Told like this, it sounds
like a great gimmick, but the reason the show by Look Left Look Right has
lasting appeal is its basis in storytelling. Cleverly staged though it is, the
show is really a series of character studies and, on your magical mystery tour,
you hear stories from a lawyer, a drifter, a gardener, a student, an
entrepreneur and so on, all of them caught up in some dilemma or figuring out
how to deal with some opportunity. Together they form a patchwork of life as it
is lived, adding depth and resonance to the thrill of an unconventional
presentation.
Blast Theory is attempting
something similar in A Machine To See With in which the solitary audience
member is guided through the streets taking instructions from a recorded voice
via mobile phone. The company wants you to feel like you are the star of your
own crime movie, the figure in close up who steps out of the crowd to rob a
bank. Actually, you feel like someone playing an entertaining, but essentially
silly game, making what you can of the instructions but never really getting
into character. There's a well executed twist in which you hook up with another
audience member, but in the end, it only emphasises how unconvincing you are as
a lead actor and how detached you are from the story.
For storytelling at its
finest, you have to get back to a regular theatre and marvel at the unassuming
craftsmanship of Chris Goode. The Adventures Of Wound Man And Shirley is
a funny and moving tale of teenage sexual yearning, made special by Goode's
combination of surreal conceit and immaculate narrative structure.
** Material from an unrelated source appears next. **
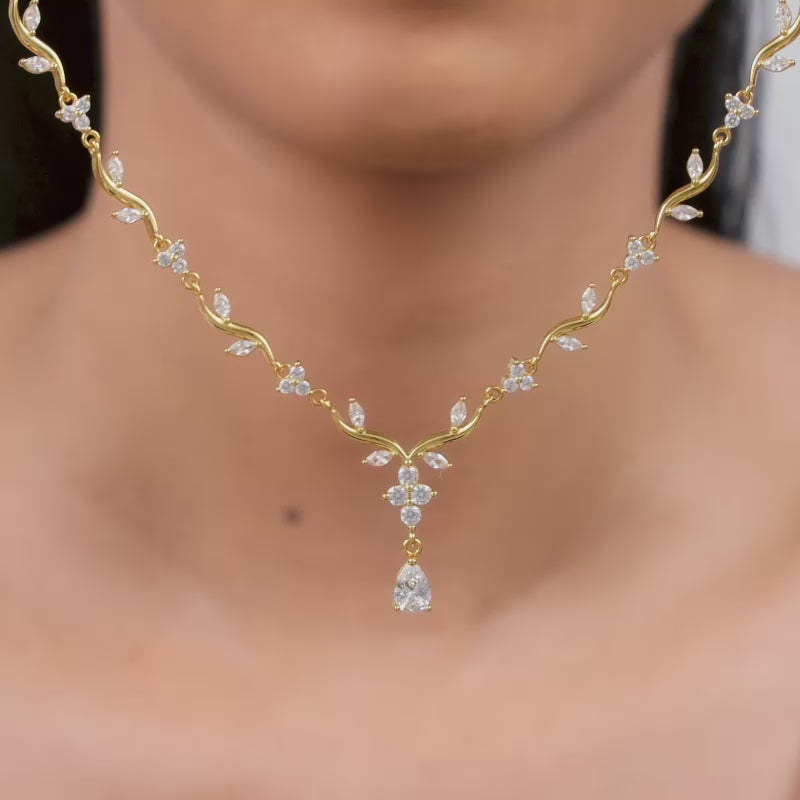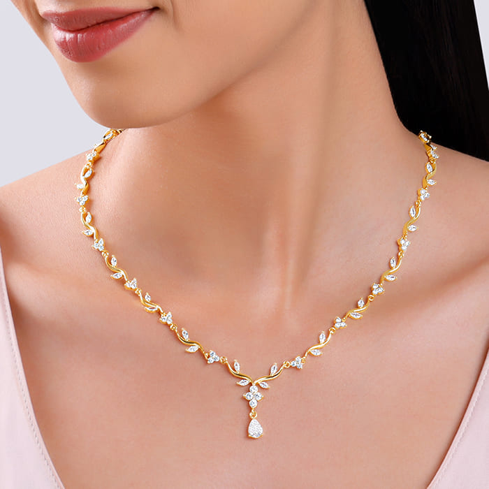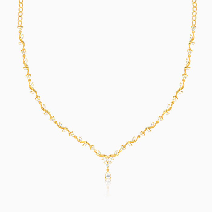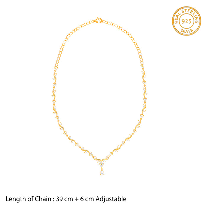 This gold plated necklace for women features a vine-inspired chain with alternating zircon-studded leaves and flowers. At the centre, a teardrop-shaped zircon dangles beautifully. Presenting our DIVA Collection - a limited edition silver jewellery meant for the women who own every room. Be the star of the party, always.

Shirley is a 14-year-old boy deeply in love with one of his
classmates; Wound Man is an unlikely superhero, modelled on a 15th
century medical engraving. His superpower is an extreme form of empathy which
is capable of helping even Shirley through unrequited love, family tragedy and
teenage angst. Goode's heartbreakingly romantic vision sends you home with a
warm and rosy glow and the pleasure of a tender tale perfectly told.
One Thousand And One Nights, Royal Lyceum, until 3
September; The Wind-Up Bird Chronicle, King's Theatre, run ended; You Once Said
Yes, Underbelly (Venue 61b), until 29 August; A Machine To See With, St
George's West (Venue 157), until 28 August; The Adventures Of Wound Man And
Shirley, Pleasance Courtyard (Venue 33), until 29 August.